◆ Your assignment:
Find the line with "[http://mp.cpgedupuydelome.fr] dD édité" in the entries below. Repeat it, every following line, and the line with "Wer den Besuch", exactly and with nothing added.

◆ Source data:
----
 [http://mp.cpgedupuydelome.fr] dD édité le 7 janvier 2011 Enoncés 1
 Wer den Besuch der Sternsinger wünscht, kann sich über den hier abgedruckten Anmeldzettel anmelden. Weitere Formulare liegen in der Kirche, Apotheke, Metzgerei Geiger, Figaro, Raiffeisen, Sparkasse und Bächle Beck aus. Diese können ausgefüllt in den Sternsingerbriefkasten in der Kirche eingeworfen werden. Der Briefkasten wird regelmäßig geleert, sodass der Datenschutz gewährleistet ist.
----
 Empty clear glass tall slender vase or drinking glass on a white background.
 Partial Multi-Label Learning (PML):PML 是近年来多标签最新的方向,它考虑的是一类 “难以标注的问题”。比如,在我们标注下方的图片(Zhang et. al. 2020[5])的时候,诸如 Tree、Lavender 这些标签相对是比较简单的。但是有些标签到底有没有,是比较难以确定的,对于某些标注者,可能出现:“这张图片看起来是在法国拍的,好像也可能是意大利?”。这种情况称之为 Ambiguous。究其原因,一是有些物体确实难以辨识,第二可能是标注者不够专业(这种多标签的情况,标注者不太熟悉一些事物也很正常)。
----
◆ Completed task:
 [http://mp.cpgedupuydelome.fr] dD édité le 7 janvier 2011 Enoncés 1
 Wer den Besuch der Sternsinger wünscht, kann sich über den hier abgedruckten Anmeldzettel anmelden. Weitere Formulare liegen in der Kirche, Apotheke, Metzgerei Geiger, Figaro, Raiffeisen, Sparkasse und Bächle Beck aus. Diese können ausgefüllt in den Sternsingerbriefkasten in der Kirche eingeworfen werden. Der Briefkasten wird regelmäßig geleert, sodass der Datenschutz gewährleistet ist.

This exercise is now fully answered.